[Start of section]
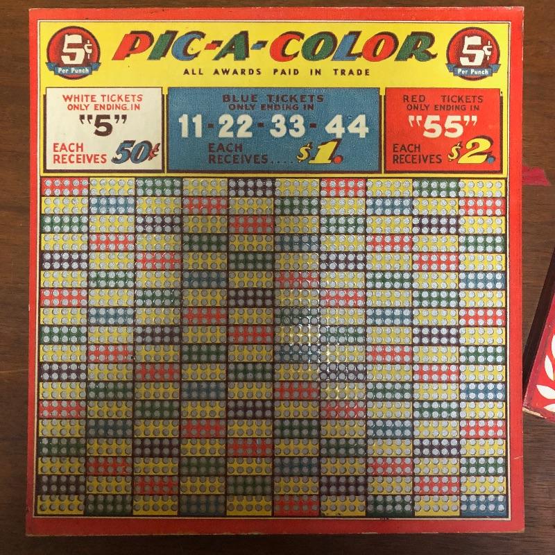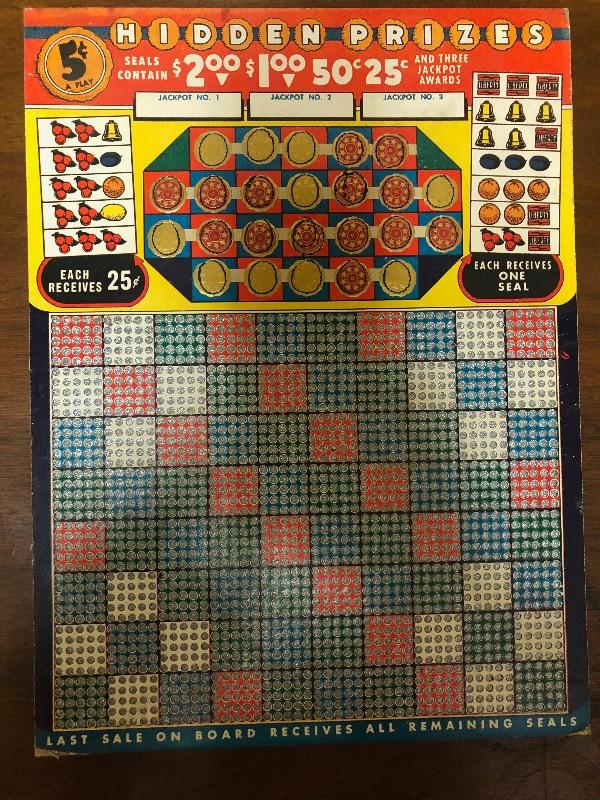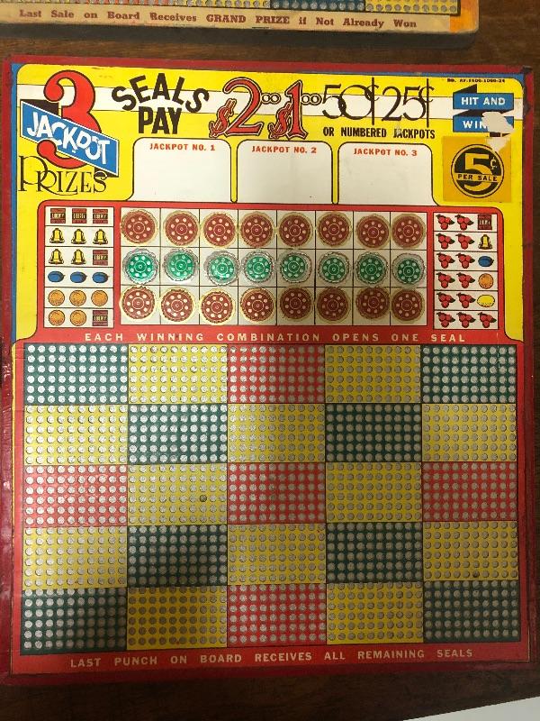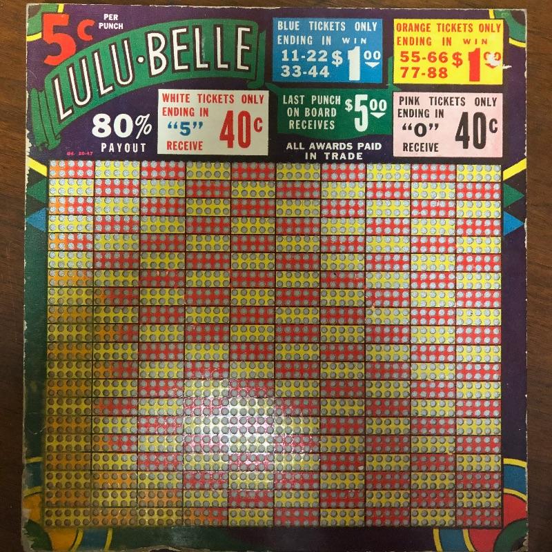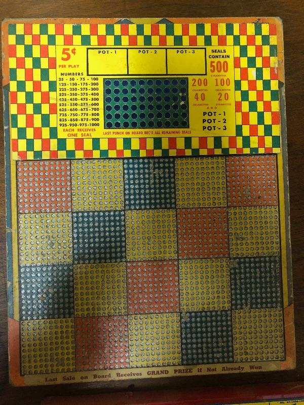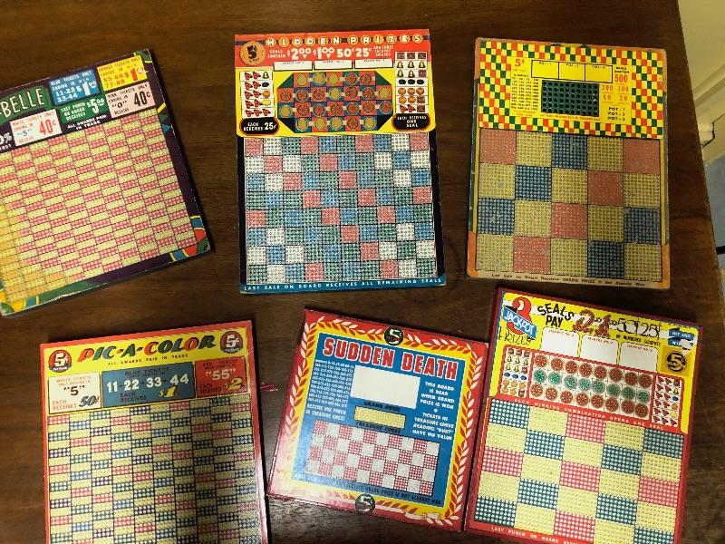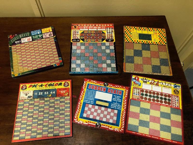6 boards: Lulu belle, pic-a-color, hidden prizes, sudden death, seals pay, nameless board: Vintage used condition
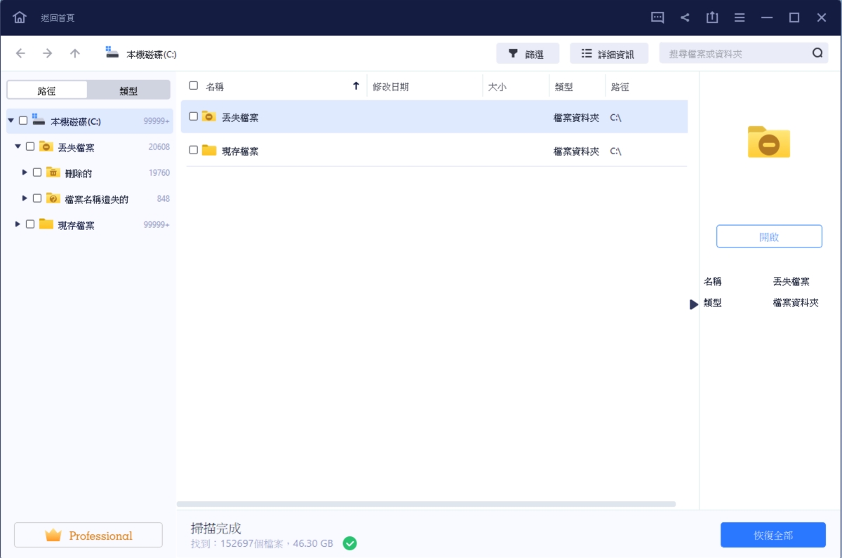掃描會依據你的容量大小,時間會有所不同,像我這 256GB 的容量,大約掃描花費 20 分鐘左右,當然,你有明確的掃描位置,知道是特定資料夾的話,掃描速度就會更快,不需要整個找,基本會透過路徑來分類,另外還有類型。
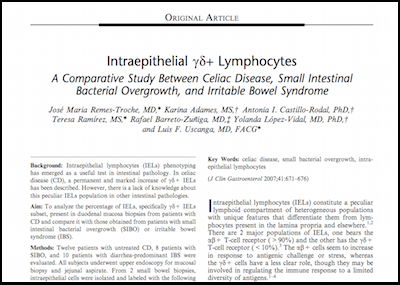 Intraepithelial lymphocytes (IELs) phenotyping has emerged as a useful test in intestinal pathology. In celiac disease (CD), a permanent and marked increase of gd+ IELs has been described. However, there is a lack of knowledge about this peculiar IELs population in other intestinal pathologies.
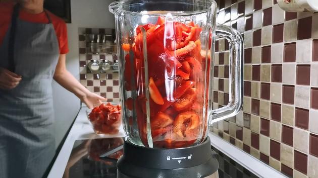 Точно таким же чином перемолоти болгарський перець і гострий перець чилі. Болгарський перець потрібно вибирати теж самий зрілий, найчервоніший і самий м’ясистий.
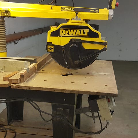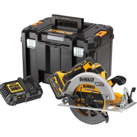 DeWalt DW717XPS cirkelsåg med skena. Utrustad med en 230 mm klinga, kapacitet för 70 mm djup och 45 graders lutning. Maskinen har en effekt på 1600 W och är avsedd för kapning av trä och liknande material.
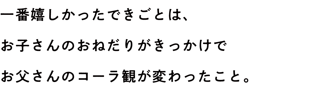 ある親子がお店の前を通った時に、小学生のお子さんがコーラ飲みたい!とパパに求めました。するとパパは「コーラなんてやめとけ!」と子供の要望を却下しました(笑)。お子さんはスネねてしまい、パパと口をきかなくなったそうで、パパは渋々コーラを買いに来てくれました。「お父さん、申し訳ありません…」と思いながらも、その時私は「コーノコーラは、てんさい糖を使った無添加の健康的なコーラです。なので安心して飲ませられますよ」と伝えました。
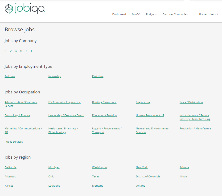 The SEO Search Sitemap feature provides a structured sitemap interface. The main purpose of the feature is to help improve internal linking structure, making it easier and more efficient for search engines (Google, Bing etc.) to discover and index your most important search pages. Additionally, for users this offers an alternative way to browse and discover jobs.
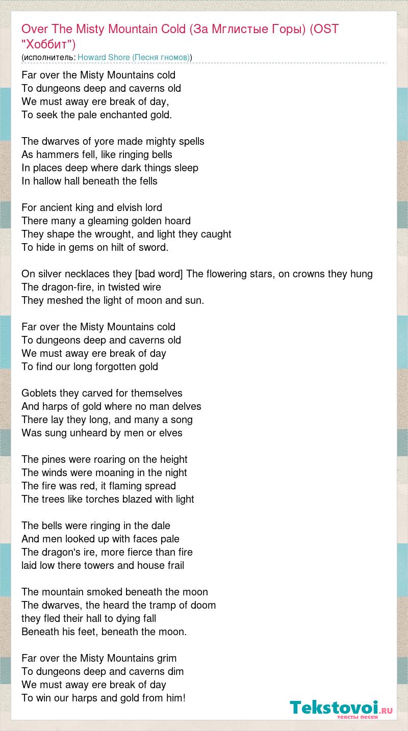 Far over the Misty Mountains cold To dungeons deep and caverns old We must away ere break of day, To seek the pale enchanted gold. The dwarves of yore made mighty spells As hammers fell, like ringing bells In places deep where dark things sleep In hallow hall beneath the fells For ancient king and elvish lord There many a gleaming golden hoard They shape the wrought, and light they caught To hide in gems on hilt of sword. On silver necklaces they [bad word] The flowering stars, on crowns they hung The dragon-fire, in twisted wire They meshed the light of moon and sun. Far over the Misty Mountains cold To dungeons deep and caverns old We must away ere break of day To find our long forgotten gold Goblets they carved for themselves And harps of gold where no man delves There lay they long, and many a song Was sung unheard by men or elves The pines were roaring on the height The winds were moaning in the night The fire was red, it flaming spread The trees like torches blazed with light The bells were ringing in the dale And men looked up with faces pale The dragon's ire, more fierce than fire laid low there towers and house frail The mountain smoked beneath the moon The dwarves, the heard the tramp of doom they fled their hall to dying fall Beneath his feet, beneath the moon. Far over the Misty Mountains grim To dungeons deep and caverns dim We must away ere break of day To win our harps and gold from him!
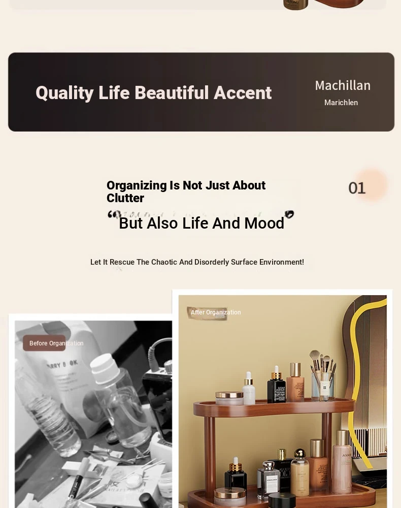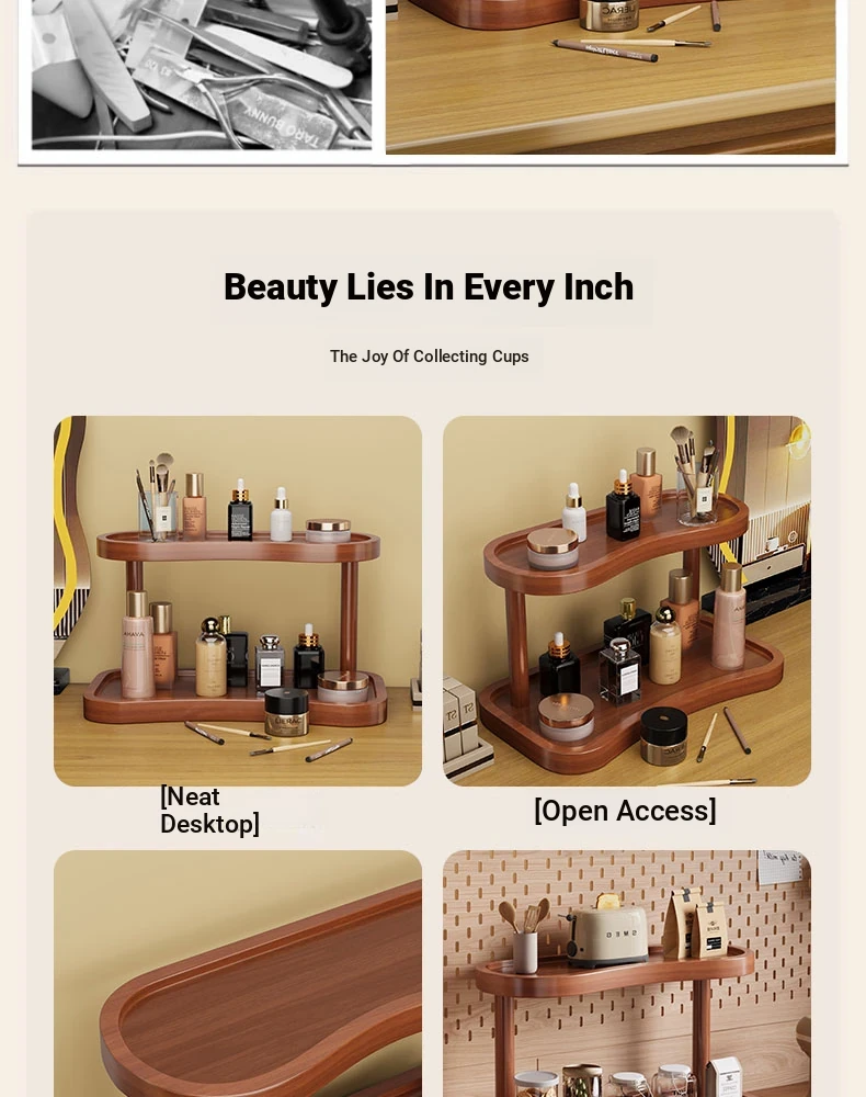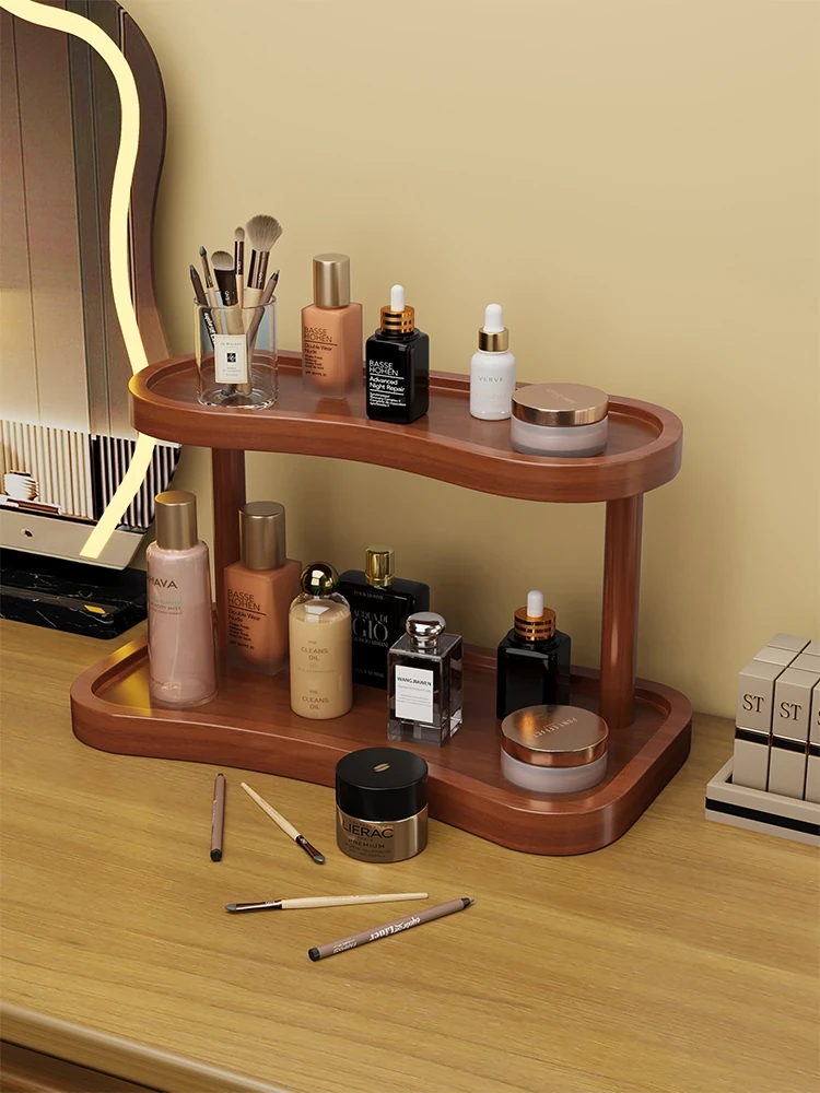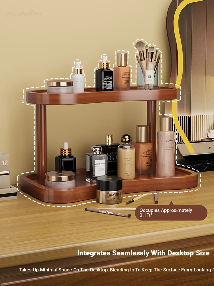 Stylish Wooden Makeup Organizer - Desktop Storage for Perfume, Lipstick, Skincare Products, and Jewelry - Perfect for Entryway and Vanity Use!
[End of section]
**WHAT TO PRODUCE:**
In the answer, repeat exactly the lines from the top of the entries above through the line with "Точно таким же", and leave pictures out of it.

**WRITTEN SOLUTION:**
6 boards: Lulu belle, pic-a-color, hidden prizes, sudden death, seals pay, nameless board: Vintage used condition
掃描會依據你的容量大小,時間會有所不同,像我這 256GB 的容量,大約掃描花費 20 分鐘左右,當然,你有明確的掃描位置,知道是特定資料夾的話,掃描速度就會更快,不需要整個找,基本會透過路徑來分類,另外還有類型。
 Intraepithelial lymphocytes (IELs) phenotyping has emerged as a useful test in intestinal pathology. In celiac disease (CD), a permanent and marked increase of gd+ IELs has been described. However, there is a lack of knowledge about this peculiar IELs population in other intestinal pathologies.
 Точно таким же чином перемолоти болгарський перець і гострий перець чилі. Болгарський перець потрібно вибирати теж самий зрілий, найчервоніший і самий м’ясистий.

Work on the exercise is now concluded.